I thought you had already swapped that? You are just now getting to swapping the one you ordered? Or u got a bad one out of the box initially?
 
I never swapped modules. I swapped out ballast resistors from a spare I had, the coil, and I replaced the mag. pickup in the distributor. I figured since the module I had was only two weeks old and tested good on the part store's little tester thing, I figured it couldn't have been the problem. Then I only suspected it when not even jumping the coil to the battery could turn it over. Must have been an especially crappy module right out of the box.
 
It was a NAPA Echlin, yeah, lol. Gotta get another paycheck to get somethin' else, but definitely gonna try and to replace it ASAP.
 
Many times it isn't the ECU itself, but a bad ground connection. The factory relied on just a sheet metal screw into the firewall, which usually worked OK for 10 years or so. Replacing the ECU often cleans up that connection temporarily. To do better, run a dedicated ground wire to the case.
 
I thought it was a bad ground connection. So I ground off another new spots for the screws and this time added star lock washers to hopefully improve the connection. I also ran a test 'ground' wire from the ECU to the negative battery. No suck luck until I replaced it. Definitely am going to be adding a ground strap, just need to get something better than cheesy Walmart crimp connectors. Is there any gauge of wire that is recommended?
 
Is there any gauge of wire that is recommended?
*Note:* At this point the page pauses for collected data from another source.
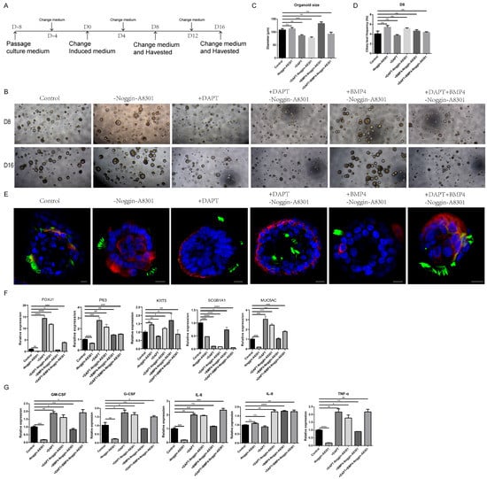 In the airway epithelium, previous studies have demonstrated that cilia differentiation is closely associated with TGF-β/BMP and Notch signal changes, and our single-cell sequencing further showed significant changes in the TGF-β/BMP and Notch pathways in the DNAH5-mutated organoids [22,28,29]. Furthermore, a decrease in the immune response was also observed in the child airway organoids with the DNAH5 mutation at the mRNA and protein levels. However, it is unclear whether the CBF and the immune response are influenced by the TGF-β/BMP and Notch signalling in vitro. To clarify this question and optimize the differentiation medium, we attempted to inhibit the Notch signal and activate the BMP signal separately and in combination. The normal airway organoids were digested into single cells and passaged. After the single cells grew into a hollow sphere for approximately 8 days, the cilia-induced medium was added at D0, and the airway organoids were analysed and harvested at D8 and D16 (Figure 5A). Treatment with DAPT, a gamma-secretase inhibitor, significantly induced FOXJ1 mRNA expression and increased the numbers of ciliated cells in the airway organoids, whereas Scgb1A1 mRNA expression was decreased compared with the control group or other treatments (Figure 5E,F). Meanwhile, the FOXJ1 mRNA expression and the numbers of ciliated cells were not increased by withdrawing the TGF-β/BMP signalling inhibitors Noggin and A83-01 or with the BMP4 factor in combination. However, the induced strength following the addition of the DAPT and BMP4 and removal of the Noggin and A83-01, was slightly increased compared to that of the control and weaker than that of the treatment without the BMP4 (Figure 5B,E,F). The highest proportions of ciliated cells were also induced by the DAPT plus the removal of the Noggin and A83-01, as demonstrated by flow cytometry (Figure S2B,C, Vedios S3–S8). To test whether the ciliary function and the organoid state were affected by the in vitro induced medium, we recorded and analysed the CBF and organoid size at D8 and D16 (Figure 5C,D and Figure S2D–F). The observation that the organoid size of the majority of the treatments at D16 was larger than that at D8 suggested that the proliferative ability of the organoids could be maintained under the inducing treatment (Figure S2E). However, the combination of the DAPT and BMP4 and the removal of the Noggin and A83-01 significantly inhibited the organoid size during the induced period. On the other hand, the CBF of all the treatments was recorded at room temperature, and the average was 4 Hz. The removal of the Noggin and A83-01 slightly increased the CBF, while the DAPT did not affect the CBF. Taken together, our results further showed that the differentiation of airway stem cells into ciliated cells was regulated by Notch and TGF-β/BMP signalling. The inhibition of Notch signalling and removal of the inhibitors of TGF-β/BMP signalling could harvest the highest proportions of ciliated cells in a short time, which is highly efficient and suitable for cilia-related research. In view of the decreased immune response in the DNAH5-deficient organoids, we questioned whether the expression of cytokines could be affected by a cilia-induced treatment. Our results show that the mRNA levels of the main cytokines, G-CSF, GM-CSF, IL-6, IL-8 and TNF-α, were significantly changed in the airway organoids under the different treatments (Figure 5G). Together, we have established an optimized cilium-induced and immune-regulated condition upon the modulation of the TGF-β/BMP and Notch pathways.
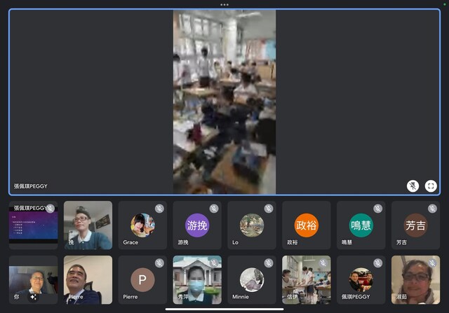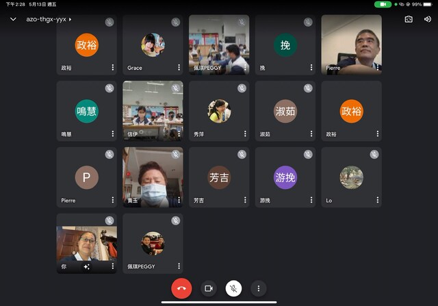 此次懿德日~因疫情非常嚴峻的緣故,只能繼續以視訊連線方式與佩琪老師及孩子們見面,感恩老師及幾位孩子們一起幫忙架設電腦及使用手機使我們能夠及時與教室裡的孩子們互動。
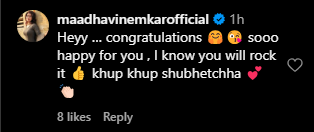 कपिलच्या या पोस्टवर शालिनी म्हणजे अभिनेत्री माधवी निमकरने प्रतिक्रिया दिली आहे. माधवी म्हणाली, “हे…अभिनंदन…तुझ्यासाठी खूप आनंदी आहे. मला माहितीये तू चांगलंच करशील…खूप खूप शुभेच्छा.”

This would be a low amp. connection, so 16 AWG should be good. If it were me, I would use a ground strap like this, It will look more factory. Over kill on size tho
aaf-all76330_ml.jpg
http://www.summitracing.com/parts/aaf-all76330?seid=srese1&gclid=CPS-gZ-V7MoCFRCOaQodvPkJ7Q
 
I agree w/ making wiring purty. Nothing uglier than an engine bay with gomer'ed wiring. Cars in those days were particularly shoddy in grounding. My early A's ground the headlamp filaments via a sheet-metal screw behind the bulb, which surely caused problems. By the 1970's, they ran a ground wire back. Besides customer fussing, the switch to plastic body parts mandated dedicated ground wires, which helped greatly. My 80's M-B cars have special welded ground studs throughout the car, with every component having a ground wire to a stud. My 90's Mopar has similar in the engine bay. Any changes like that you make will be an improvement.
 
Thanks Mopar Tim, that looks better and cheaper than what I can probably make after running to get better connectors, lol.

After going to a Mopar club today, one of the members gave me an older ECU unit; says 'Made in USA', is grey in color, and the plug connector is black. I'll have to test it out to see if it still works. If it does, it'll be a good spare or even replacement for the time being. Would like to switch to HEI, maybe even to Trailbeasts' HEI kit, but for now it's running and I'm happy.

Thanks for all the help, I love this site for being a wealth of knowledge.